Microsoft Entra ID P1 vs P2 — the feature gap, the price, when to upgrade (AU 2026)

Microsoft Entra ID ships in three tiers — Free (the tenant default), P1 (in Microsoft 365 Business Premium, E3, EMS E3) and P2 (in M365 E5 and EMS E5). For Australian organisations the meaningful question is rarely Free vs P1 (Business Premium covers P1 for every commercial workload), but P1 vs P2. The upgrade is significant — both in capability and in price.

Seven features that come with P2 and not P1

1. 1Microsoft Entra Privileged Identity Management (PIM) — just-in-time activation of admin roles. The Essential Eight Maturity Level 2 control for privileged access.
2. 2Microsoft Entra ID Protection — risk-based Conditional Access decisions using sign-in risk and user risk signals from Microsoft's threat graph. Without P2, Conditional Access can't read risk signals; it can only make static decisions.
3. 3Access reviews — periodic confirmation of user entitlements (groups, app assignments, role assignments). Required for IGA evidence.
4. 4Entitlement management — basic — package access, time-bound assignments, request workflows. (Advanced entitlement management is in the separate Entra ID Governance SKU.)
5. 5Risk-based Conditional Access policies — block, MFA, password reset based on sign-in risk or user risk. The signal flows from Identity Protection.
6. 6Lifecycle workflows — basic joiner/mover/leaver automation. (Advanced lifecycle workflows are in Entra ID Governance.)
7. 7Authentication strength — granular control of which authentication methods satisfy a Conditional Access policy (e.g., 'must be phishing-resistant'). Available in P2 only.

AUD pricing in 2026

Entra ID P1 standalone is $9 AUD per user per month. Entra ID P2 standalone is $13.50 AUD per user per month. Inside Microsoft 365 bundles: P1 ships in Business Premium ($35.20 AUD), E3 ($59.40 AUD) and EMS E3. P2 ships in M365 E5 ($89.60 AUD) and EMS E5. Standalone P2 add-on is available for E3 tenants at $4.50 AUD per user per month (the difference between standalone P1 and standalone P2).

When P2 pays back

The break-even for P2 in an AU mid-market is rarely about the licence cost — it's about the alternative cost of meeting the controls another way. Five common scenarios where P2 wins:

• Essential Eight Maturity Level 2 — without PIM, satisfying the privileged access control requires manual processes that don't scale. P2 is the practical answer.
• APRA CPS 234 obligations — paragraph 17 expects access review evidence; P2 access reviews provide this without third-party tooling.
• Insider risk and offboarding evidence — P2 lifecycle workflows automate the leaver process and produce the audit trail.
• Identity-driven security model — without P2's risk signals, Conditional Access decisions are coarse. With them, the same policy can let a low-risk login through unchallenged while requiring MFA + device compliance on a medium-risk one.
• Authentication strength enforcement — when you want to require phishing-resistant MFA for specific apps, you need P2's authentication strength control.

When P2 doesn't pay back

Three patterns where staying on P1 is the right call. First, your admin team is two people and lives on PIM-less standing roles for now because the operational cost of PIM activation outweighs the risk. Second, you don't have a privileged access management problem because you're a 30-person tenant with controlled admin assignments and a tight Conditional Access ruleset. Third, you've decided to invest in third-party PAM (CyberArk, Delinea) for both cloud and on-premises — P2's PIM is then partially redundant.
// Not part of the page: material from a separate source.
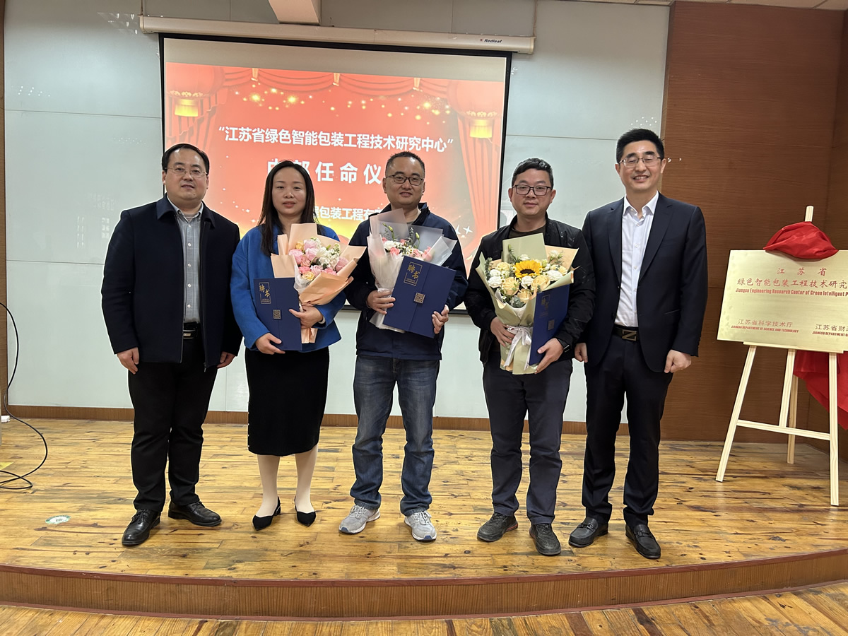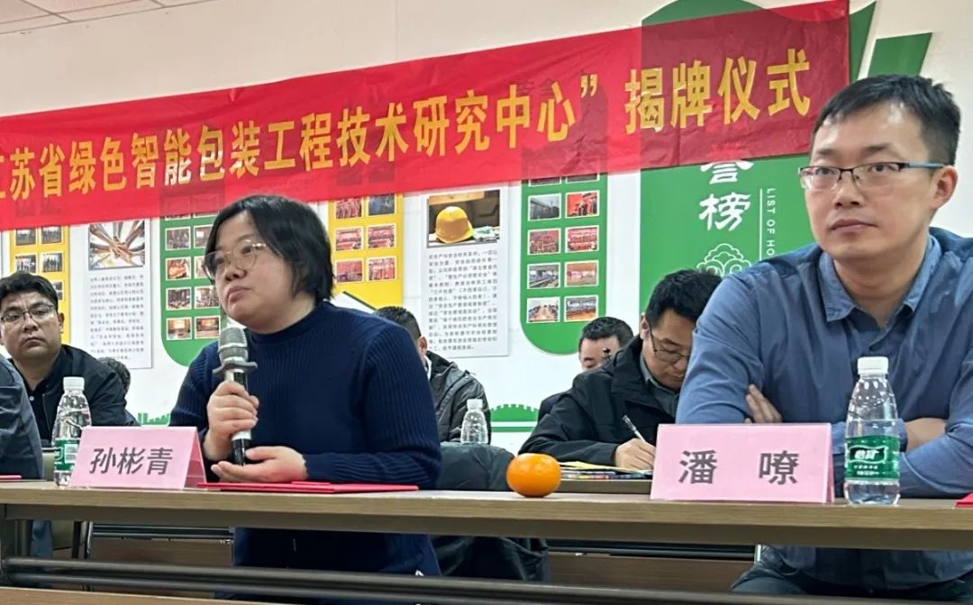 隨后徐穎總經理與行業專家及教授們共同為“江蘇省綠色智能包裝工程技術研究中心”揭牌,并為專家教授團隊及研究中心主要負責人授聘書。
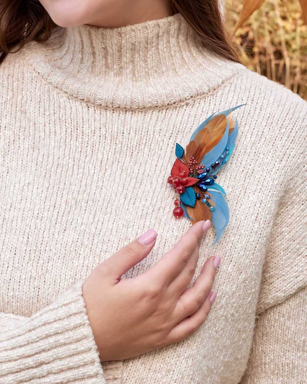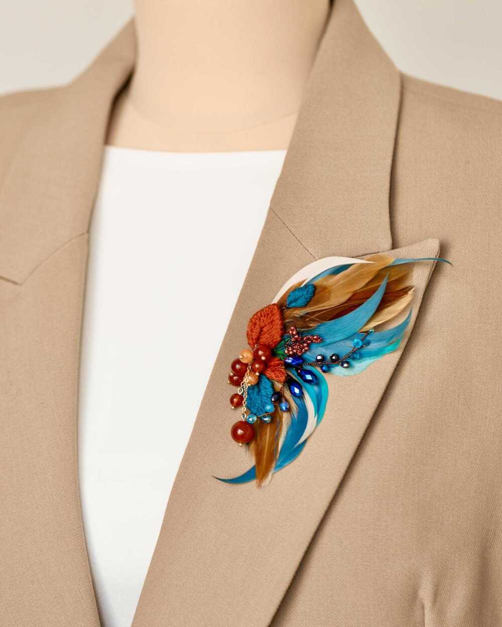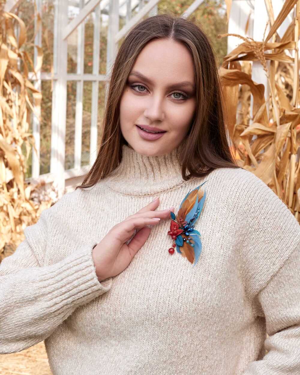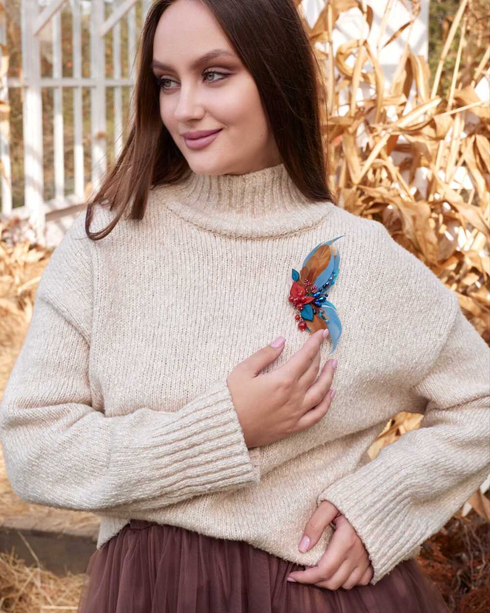 Гипоаллергенные перья, словно легкий ветерок, касаются кожи, создавая ощущение невесомости и свободы. Они добавляют броши изысканную воздушность, делая её не только украшением, но и символом легкости бытия.

The realistic upgrade path

Most AU mid-market organisations end up on M365 E5 within 24 months of Microsoft 365 standardisation, which delivers P2 by default. The standalone P2 add-on to E3 is more expensive per-user when you're also paying for standalone Defender for Endpoint and Sentinel and MCAS — by the time you're paying for those, the E3 + Security E5 or E3 + E5 maths usually favours the bundle.